No time for pithy opening commentary--March Madness about to begin! Go Kansas!

The full quote I tried to use for the headline, by the way, is "But what's the point of breathing if somebody already tells you the difference between an apple and a bicycle? If I bite a bicycle and ride an apple, then I'll know the difference."


AMERICA’S SWEETHEART--GALE STORM (Infinity Releasing. $19.98): The former Josephine Cottle, who made it big as a star of stage, screen, records, radio and television before passing away in 2009, gets her DVD due with this three-disc collection that brings together eight of her movies--including “Tom Brown’s School Days” (her 1940 debut), “Uncle Joe,” “Jesse James at Bay,” “City of Missing Girls,” “Let’s Go Collegiate,” “Gambling Daughters” (all 1941), “Lure of the Islands” and “Rhythm Parade” (both 1942)--along with selected episodes from her two hit television shows, “My Little Margie” and “The Gale Storm Show.”

ARIZONA DREAM (Warner Archives. $19.98): After striking it big on the international cinema scene during the 1980s with such films as “While Father was Away on Business” and “Time of the Gypsies,” Sarajevo-born filmmaker Emir Kusturica was invited by fellow émigré Milos Forman to come to America to teach at Columbia University and while he was there, he began conceiving an American-themed project to make and somehow convinced Warner Brothers to pony up the money to finance it and an eclectic group of actors, including Johnny Depp, Jerry Lewis, Lili Taylor, Faye Dunaway and Vincent Gallo, to appear in it. The film told the story of an aimless fish and game warden from New York (Depp) who is summoned to Arizona by his boisterous uncle (Lewis) to come to Arizona to attend his wedding to a much-younger woman (Paulina Porizkova) and to work at his car lot. Upon arriving, he becomes romantically involved with both a oddball widow (Dunaway) and her equally unstable stepdaughter (Taylor). Alas, the production didn’t go smoothly--the entire thing was shut down in mid-filming for nearly three months while Kusturica either recovered from a nervous collapse (allegedly brought on by difficulties he had with Lewis and Dunaway) or tried to slim down a screenplay said to be 265 pages at the time (according to Lewis, Kusturica returned with a script that had inflated to 294 pages in the interim)--and the studio eventually pulled the plug once enough footage had been shot to ensure that it could be completed and then stuck it on a shelf for more than a year before dumping it on video in a drastically recut edition. It’s a shame because while this visually audacious and decidedly eccentric film is definitely uneven and presumably only a fraction of what Kusturica had originally intended (his first cut allegedly lasted over four hours), it contains any number of glories that fans of offbeat filmmaking would surely savor--the chief among them being the entirely winning on-screen relationship created between Depp and Lewis, who is quite good in a relatively serious role.

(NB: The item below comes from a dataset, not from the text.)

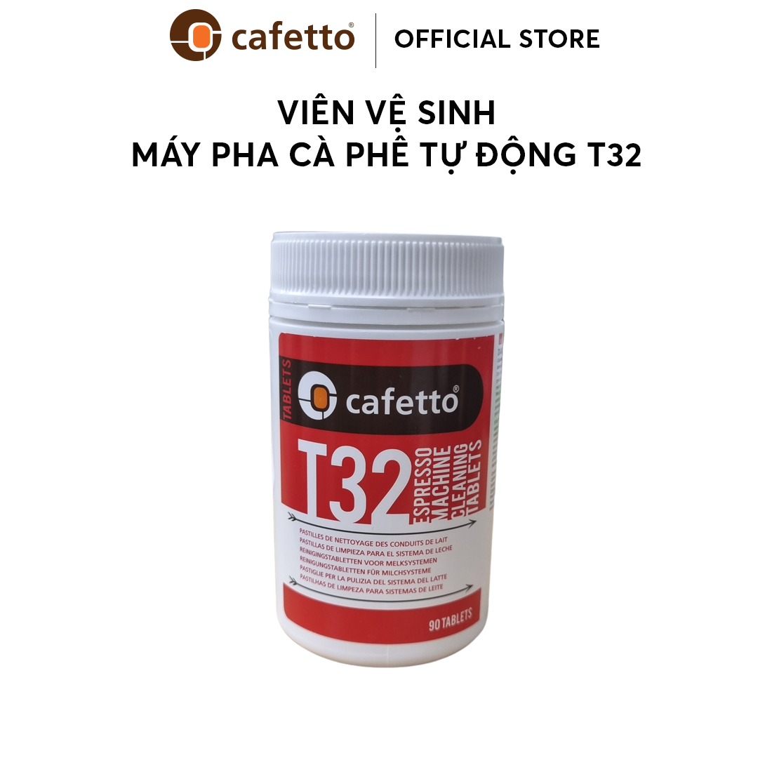 Viên vệ sinh máy pha cà phê tự động Cafetto T32 (90 Viên) - Hiệu suất cao - Loại bỏ hoàn toàn dầu và cặn cà phê khỏi họng pha chế - Công thức không

ARMORED (Sony Home Entertainment. $28.96): This thriller, in which the seemingly foolproof plan by a group of armored car drivers (including Matt Dillon, Laurence Fishbone and Jean Reno) to hijack one of their own deliveries worth $42 million goes haywire when one of the plotters (Columbus Short) grows a conscience, made few waves at the box-office when it came out last December after a couple of delays. This was too bad because while it is certainly no masterpiece by any stretch of the imagination, it is a lean and efficiently made B-level thriller of the kind that simply doesn’t get made anymore. The screenplay by James V. Simpson is simple and straightforward without pushing the bounds of credulity too far, the actors throw themselves into their frankly caricatured characters without ever appearing to condescend to the material and director Nimrod Natal keeps things humming along nicely enough (although one wonders what a truly inspired action filmmaker--say Walter Hill at his peak--might have done with the material). “Armored” isn’t perfect by any means--there are a few gaping plot holes here and there and a subplot involving Short’s troubled younger brother seems to have been shoehorned in solely to get it up to feature length--but it is a film that knows exactly what it wants to do and does it with a minimum of muss and fuss and that is more than I can say most current genre efforts these days.

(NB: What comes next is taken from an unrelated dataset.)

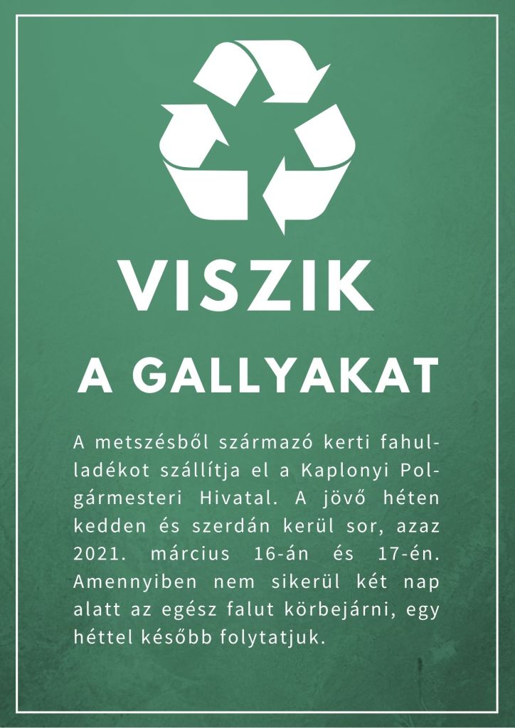 A metszésből származó kerti fahulladék elszállítására vállalkozik a Kaplonyi Polgármesteri Hivatal. Ezzel igyekeznek a lakosok segítségére sietni. Minderre a héten kedden és szerdán, azaz holnap és holnapután kerül sor, azaz 2021. március 16-án és 17-én. Amennyiben nem sikerül két nap alatt az egész falut körbejárni, egy héttel később fogják folytatni.

ASTRO BOY (Summit Releasing. $26.99): Based on the famous Japanese manga/animated series, this CGI epic brings together an all-star cast (including Nicolas Cage, Donald Sutherland, Freddie Highmore, Kristen Bell, Eugene Levy, Samuel L. Jackson, Nathan Lane and, delivering maybe one paragraph of narration right at the top, Charlize Theron) to tell the story of a highly advanced robot boy (Highmore), designed by a mad genius (Cage) to serve as a duplicate of his late son, who learns what it means to be human when it falls upon him to save the people of Metro City from destruction at the hands of its own overly ambitious leader (Sutherland). While I cannot vouch for how faithful it is to the original source material (not very much is my guess), I have to admit that I was reasonably entertained by its fast pace, bright colors and goofy sense of humor--for the first two-thirds, it actually plays like a sly parody of “A.I.: Artificial Intelligence,” of all things--and while you shouldn’t break any plans to rent “Where the Wild Things Are” or “Ponyo” in order to catch it, it should provide a decent night’s entertainment for audiences of all ages. One question--considering how little she actually does here, who thinks that the filmmakers hired Theron to do the ultra-brief opening narration simply as an excuse to watch her rock the mike?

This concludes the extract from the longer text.